[[ EXERCISE DATA, beginning ]]

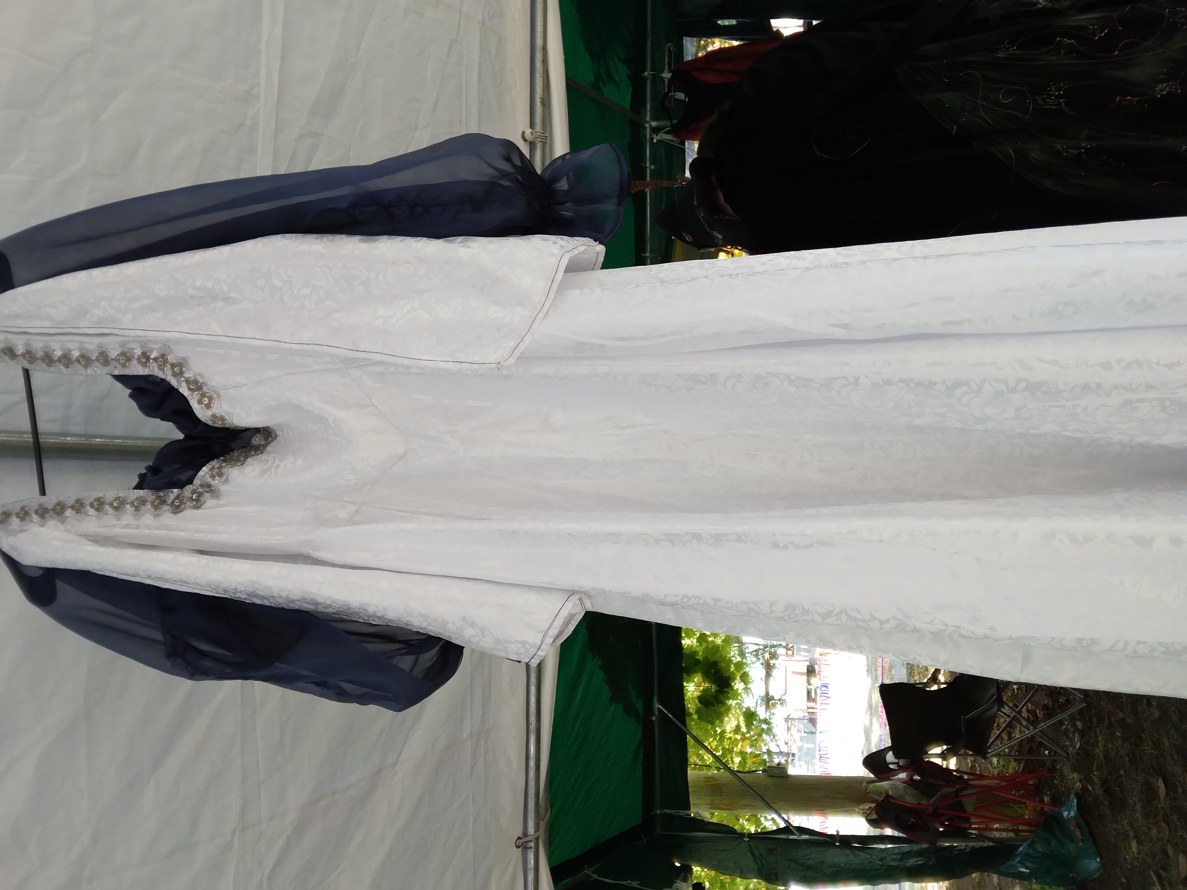 This Gown is called the Winter Queen - made of Brocade with sleeves and neckline made in Oraganza. there is a modest train that can be bustled if needed. Dress can be worn with a hoop underneath.
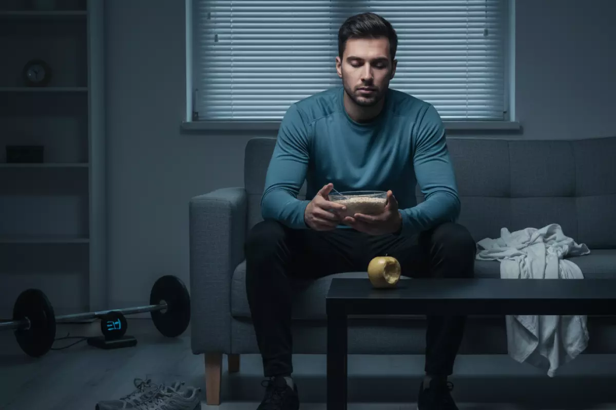 Жёсткие ограничения часто приводят к срывам и перееданиям. В среднем по неделе дефицит может исчезать, а усталость и голод остаются. На этом фоне человек режет активность, тренируется хуже, спит меньше — и создаётся ощущение, что «всё встало».
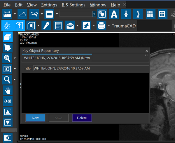 The Key Object Repository is used to summarize the most important objects of a study in one place. Any object placed in the Key Object Repository becomes a Key Object. These objects are always displayed first when a study is opened and can come from different series.
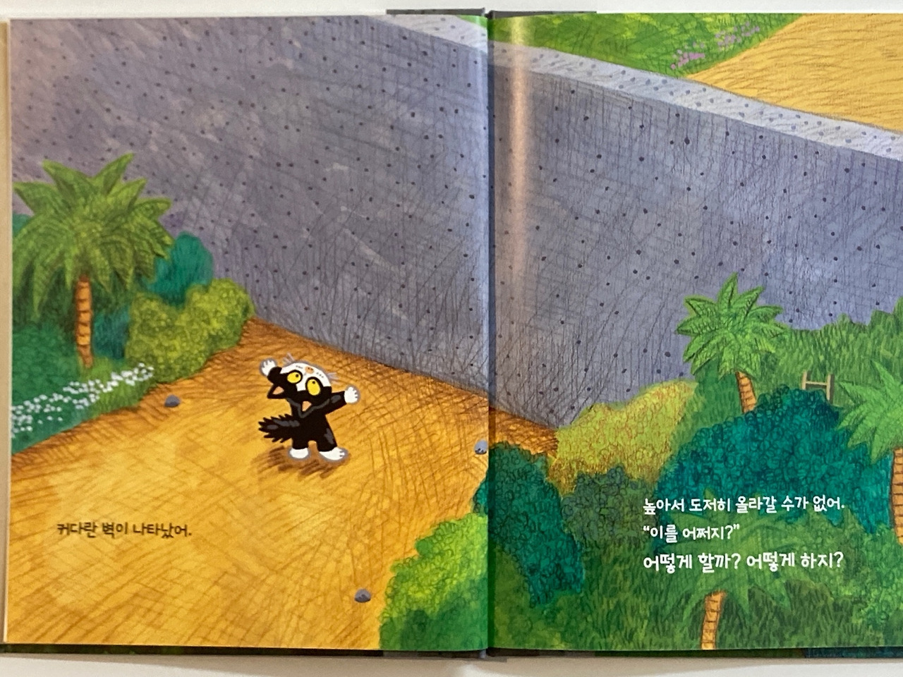 '커다란 벽이 있다면?'이라는 책은 이런 우리의 삶의 모습을 표현한 책입니다. 고양이 한 마리가 커다란 벽이 마주하고는 깜짝 놀랍니다. 하지만 이내 해결방법을 생각해 내고 벽을 넘습니다. '벽을 넘었다!' 하고 안심했는데 이제는 조금 더 높은 또 다른 벽이 기다리고 있습니다. 그리고 언제나 벽 앞에서 당황스럽지만 포기하지 않고 용기를 내서 다시 한번 해결합니다.

[[ EXERCISE DATA, end ]]

_DIRECTIONS FOR THIS TASK_:
Starting with the first line of the data, transcribe every line exactly through the one containing "Жёсткие ограничения часто". No pictures go in.

_ANSWER TO THE EXERCISE_:
 This Gown is called the Winter Queen - made of Brocade with sleeves and neckline made in Oraganza. there is a modest train that can be bustled if needed. Dress can be worn with a hoop underneath.
 Жёсткие ограничения часто приводят к срывам и перееданиям. В среднем по неделе дефицит может исчезать, а усталость и голод остаются. На этом фоне человек режет активность, тренируется хуже, спит меньше — и создаётся ощущение, что «всё встало».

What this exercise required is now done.